▶ [Exercise directions] Exclude the pictures, then restate exactly each line of the data below from the first through the line containing "Wunderschöne hochglänzende Orgonit".

▶ [Raw data]
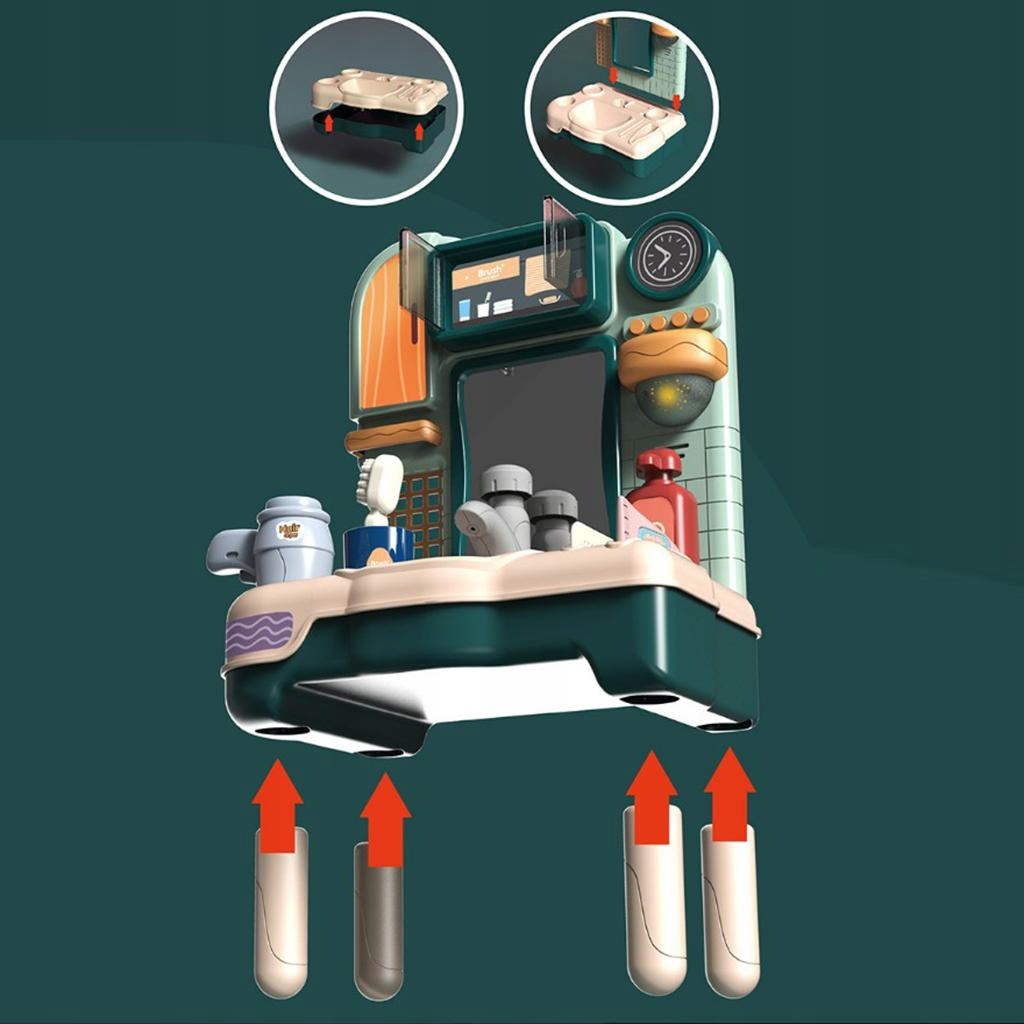 Навчальні іграшки: набір іграшок для мийки містить простір для зберігання та багатофункціональну музичну скриньку, яка може розвивати практичні навички дітей.
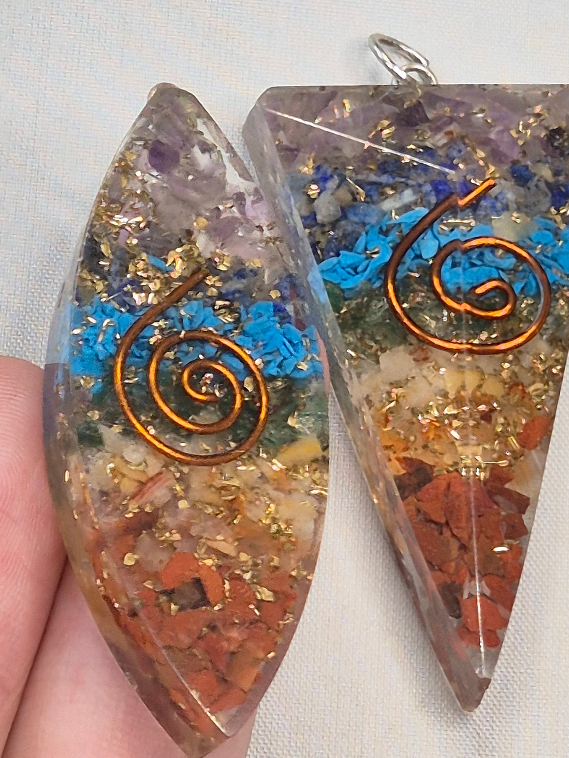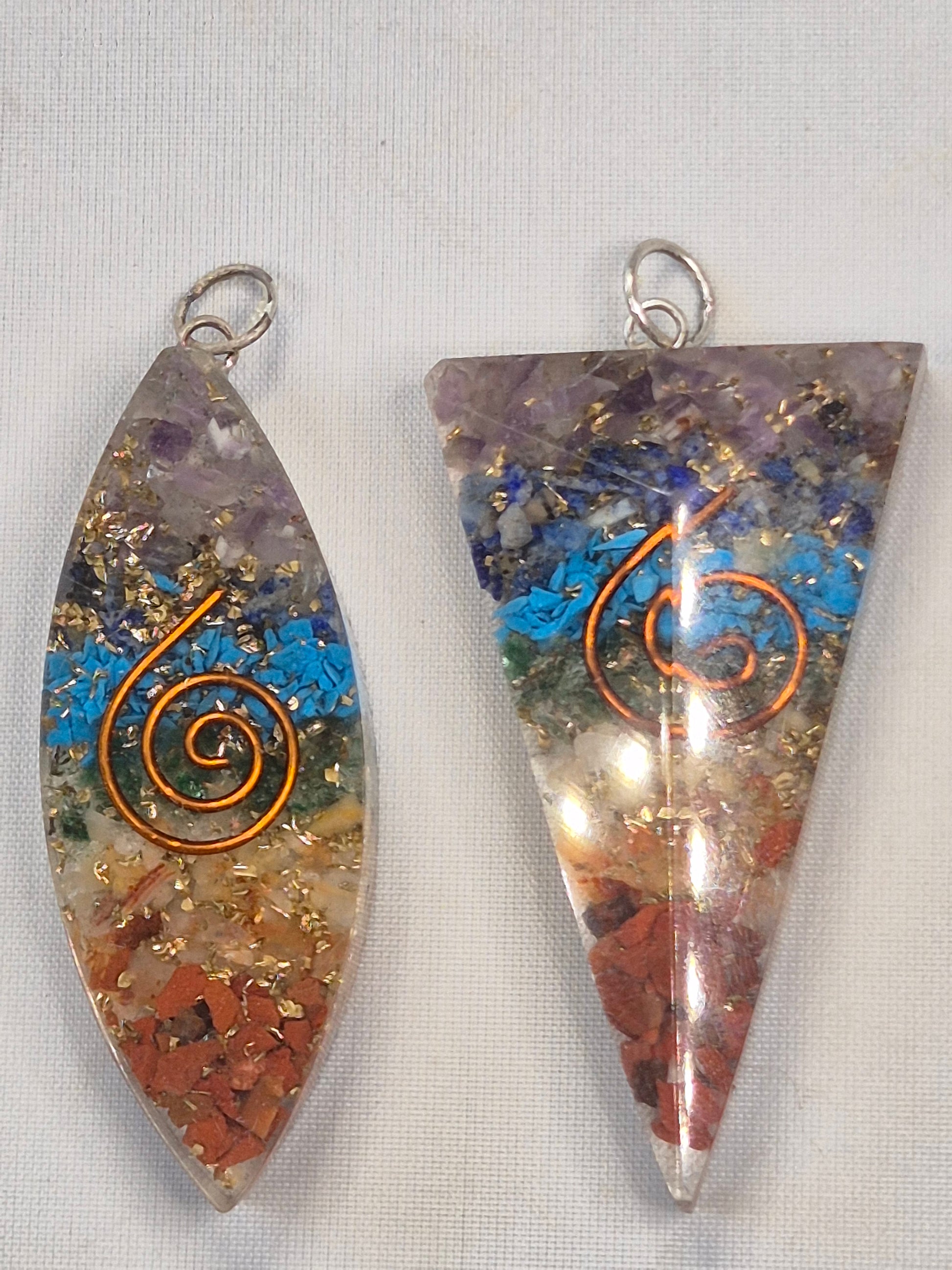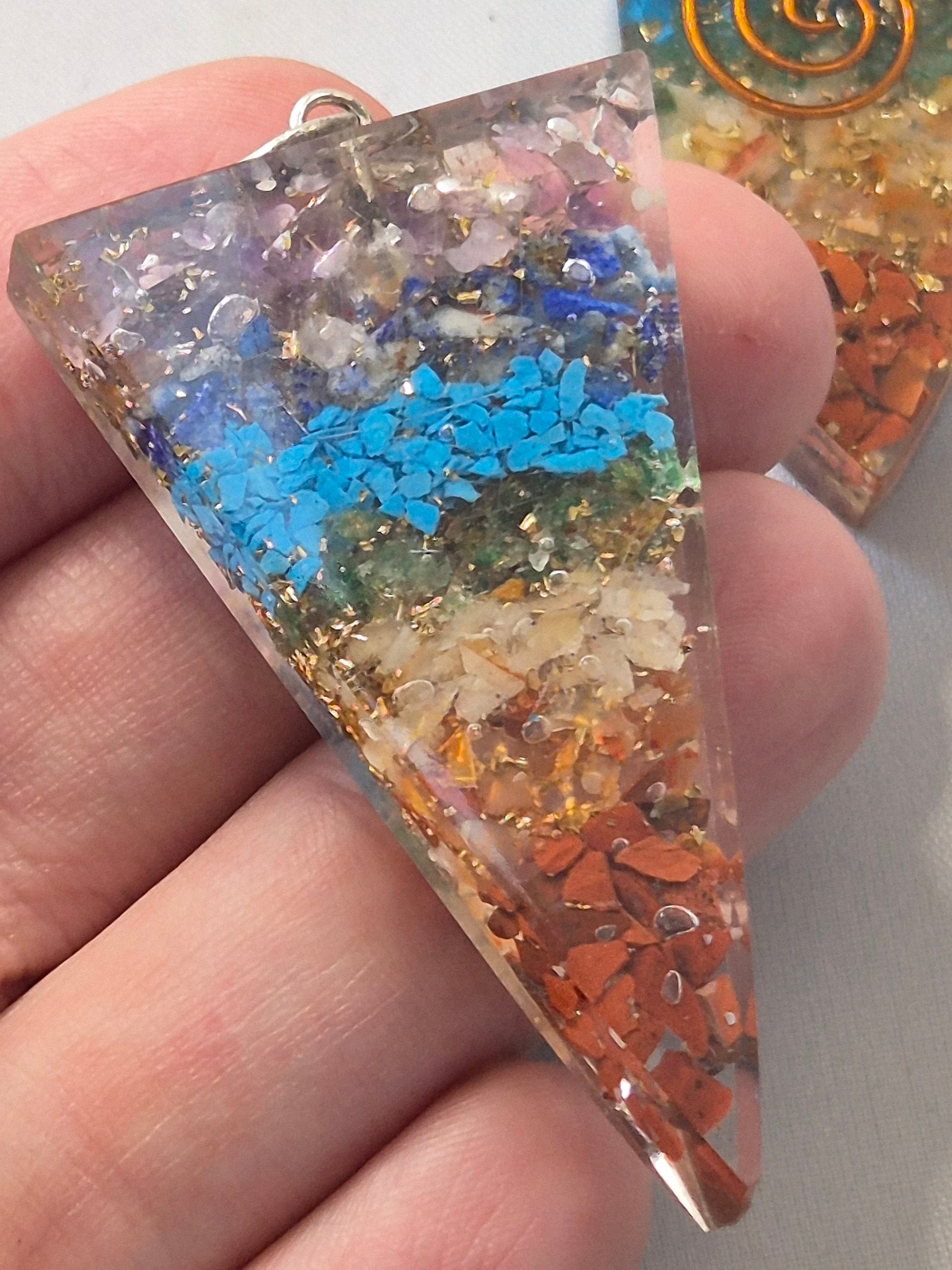Wunderschöne hochglänzende Orgonit Anhänger mit 7 verschiedenen Chakra Edelsteinen sowie mit Blattgold & Kupferspirale.
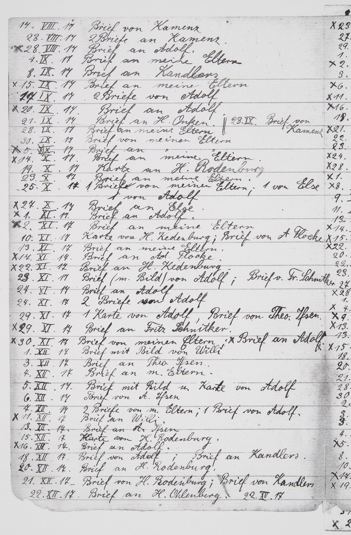 <p>[Page 159]</p><p>17th/8/17 Letter from Kamenz<br />23rd/8/17 2 letters to Kamenz<br />28th/8/17 Letter to Adolf<br />4th/9/17 Letter to my parents<br />8th/9/17 Letter to the Kandlers<br />15th/9/17 Letter to my parents<br />17th/9/17 2 letters from Adolf<br />20th/9/17 Letter to Adolf<br />21st/9/17 Letter to H. Onken // 23rd/9 Letter from Kamenz<br />28th/9/17 Letter to my parents<br />30th/9/17 Letter from my parents<br />5th/10/17 Letter to my parents<br />14th/10/17 Letter to my parents<br />19th/10/17 Card to H. Rodenburg<br />23rd/10/17 Letter to my parents<br />25th/10/17 1 letter from my parents; 1 from Else; 1 from Adolf<br />27th/10/17 Letter to Else<br />1st/11/17 Letter to Adolf<br />2nd/11/17 Letter to my parents<br />10th/11/17 Card from H. Kedenburg; letter from A. Flocke<br />13th/11/17 Letter to my parents<br />17th/11/17 Letter to Ad. Flocke<br />22nd/11/17 Letter to H. Kedenburg<br />23rd/11/17 Letter (w/photo) from Adolf; letter from Fr. Schnitker<br />24th/11/17 Letter to Adolf<br />24th/11/17 2 letters from Adolf<br />29th/11/17 1 card from Adolf; letter from Theo Ifsen<br />29th/11/17 Letter to Fritz Schnitker<br />30th/11/17 Letter from my parents; letter to Adolf<br />1st/12/17 Letter with photo from Willi<br />3rd/12/17 Letter to Theo Ifsen<br />4th/12/17 Letter to my parents<br />5th/12/17 Letter with photo and card from Adolf<br />6th/12/17 Letter from A. Ifsen<br />7th/12/17 2 letters from my parents; 1 letter from Adolf<br />11th/12/17 Letter to Willi<br />13th/12/17 Letter to A. Ifsen<br />15th/12/17 Card from H. Rodenburg<br />16th/12/17 Letter from Adolf<br />18th/12/17 Letter from Adolf; letter to the Kandlers<br />20th/12/17 Letter to H. Rodenburg<br />21st/12/17 Letter to H. Rodenburg; letter from the Kandlers<br />22nd/12/17 Letter to H. Ohlenberg 22nd/12/17</p>

▶ [Exercise response]
 Навчальні іграшки: набір іграшок для мийки містить простір для зберігання та багатофункціональну музичну скриньку, яка може розвивати практичні навички дітей.
Wunderschöne hochglänzende Orgonit Anhänger mit 7 verschiedenen Chakra Edelsteinen sowie mit Blattgold & Kupferspirale.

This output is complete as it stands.